Rejoignez le front européen contre Big Pharma

Par Thierry Souccar - Journaliste et auteur scientifique, directeur de laNutrition.fr Publié le 16/03/2016 Mis à jour le 10/03/2017
Deux initiatives, l'une en France, l'autre en Grande-Bretagne entendent s'opposer au marketing effréné de l'industrie pharmaceutique dans sa promotion de médicaments inefficaces et toxiques. Vous pouvez vous y joindre.

Les lignes bougent dans les corps médical et associatif pour dénoncer certaines pratiques de l’industrie pharmaceutique. En France, l’Association internationale pour une médecine scientifique indépendante (AIMSIB, voir plus loin) voit le jour. Et de l’autre côté de la Manche, Sir Richard Thompson, ancien président du Collège royal des médecins britanniques, médecin personnel de la Reine pendant 21 ans, a demandé le 23 février 2016 une enquête publique urgente sur plusieurs médicaments et sur les pratiques des laboratoires pharmaceutiques.

Ce médecin fait partie d'un groupe de six spécialistes éminents qui, aujourd'hui, mettent en garde contre l'influence des compagnies pharmaceutiques. Aux côtés de Sir Richard Thompson on trouve le Dr Aseem Malhotra, cardiologue et conseiller du National Heath Service, le professeur John Ashton, président de la Faculté de santé publique, le Dr JS Bamrah, directeur des services de psychiatrie de Manchester, le Dr Rita Redberg, rédacteur en chef de la revue médicale JAMA médecine interne, et le Pr James McCormack, professeur de pharmacologie à l’Université de Colombie Britannique (Canada).

Pour Sir Richard Thompson, «le moment est venu de conduire une enquête publique complète et transparente sur la façon dont la preuve de l'efficacité des médicaments est obtenue et publiée. »

Ces spécialistes soulignent que la prescription généralisée de médicaments peu efficaces et toxiques coûte des centaines de milliers de vies à travers le monde, et que du fait des conflits d’intérêt, les médecins comme les patients sont mal informés, au Royaume-Uni comme ailleurs.

Sir Richard Thompson s’appuie entre autres sur l’analyse éloquente des essais cliniques sur les statines (anticholestérol) que viennent de publier les Drs Michel de Lorgeril et Mikael Rabaeus dans le Journal of Controversies in Medical Research.

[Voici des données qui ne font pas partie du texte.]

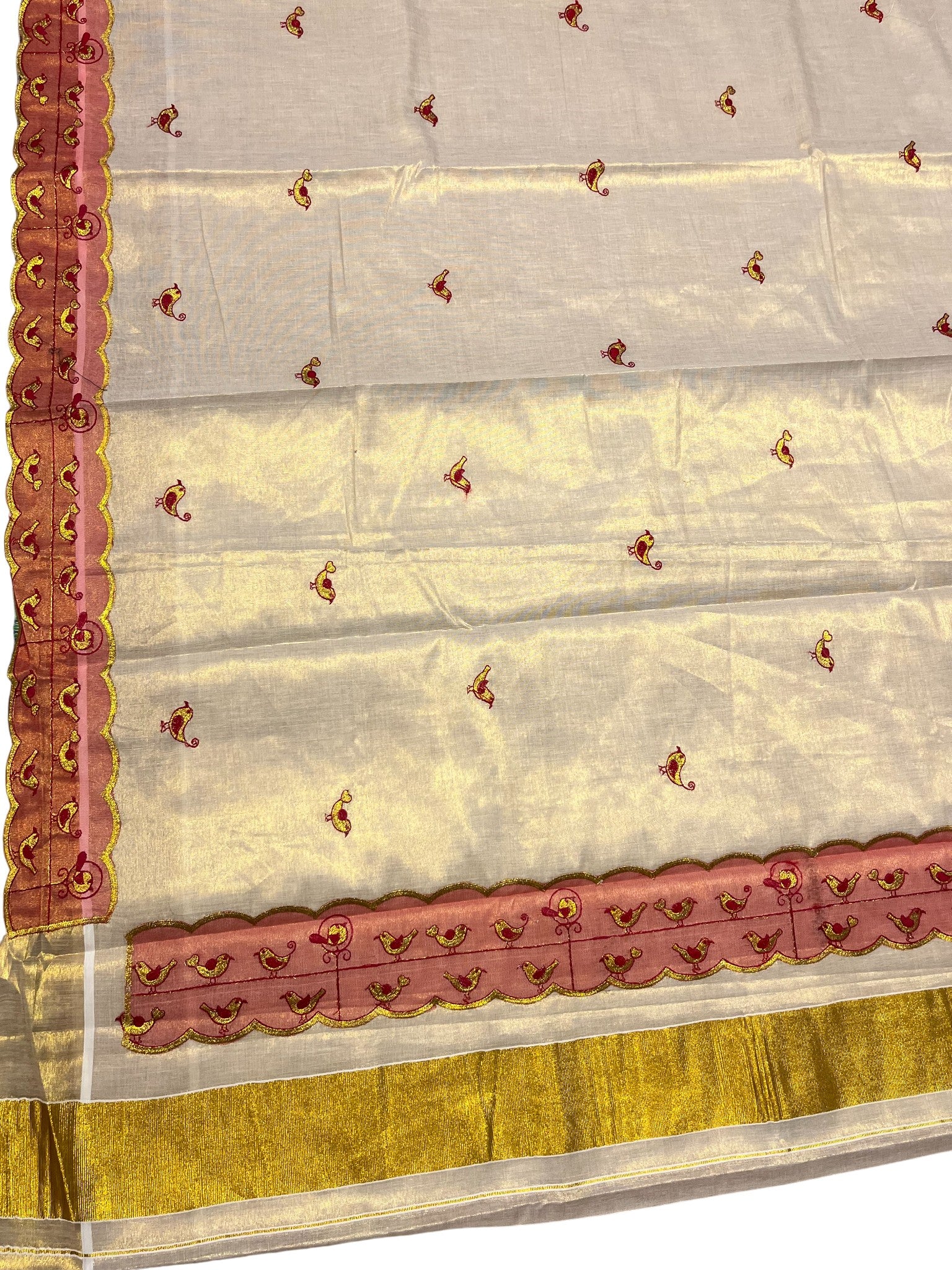 Southloom Tissue Kerala Kasavu Saree with Embroidery Design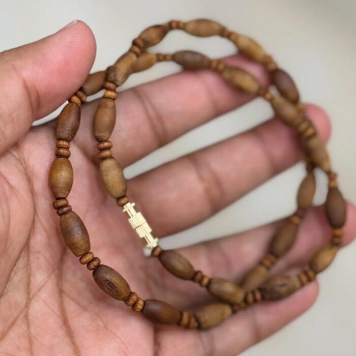 Rare Tulsi Root Kanthi Mala for Devotees, handcrafted in India. Ideal for mantra chanting, meditation, and daily spiritual practices. Limited stock available.

Ces médecins rappellent que les autorités sanitaires ont imposé de nouvelles règles de conduite des essais cliniques (RCT), plus rigoureuses, en 2005/2006. Les études miraculeuses publiées avant cette date étant « vraisemblablement biaisées », ils ont identifié 4 RCT à partir de 2006, tous portant sur la rosuvastatine (contre placebo) dans la prévention des complications cardiovasculaires. Conclusion : la rosuvastatine n’a aucun intérêt chez les patients ayant déjà eu un infarctus ou un autre trouble cardiovasculaire et son efficacité chez les patients en bonne santé est impossible à établir. De plus, les statines sont inefficaces chez les diabétiques, les insuffisants cardiaques et les insuffisants rénaux. Et leur usage augmente le risque de diabète.

De Lorgeril et Rabaeus, tout comme Sir Richard Thompson appellent à une réanalyse complète des données brutes sur les statines. « Nous sommes très inquiets à propos de ces médicaments, dit le Pr Thompson, et en particulier de leurs effets secondaires dont les données ont, semble-t-il, été cachées sous le tapis. Nous devons regarder avec circonspection les études sur les statines, et si nous avons tort de les prescrire si largement, comme c’est le cas aujourd’hui, nous devons prendre la parole et dire que nous sommes désolés. »  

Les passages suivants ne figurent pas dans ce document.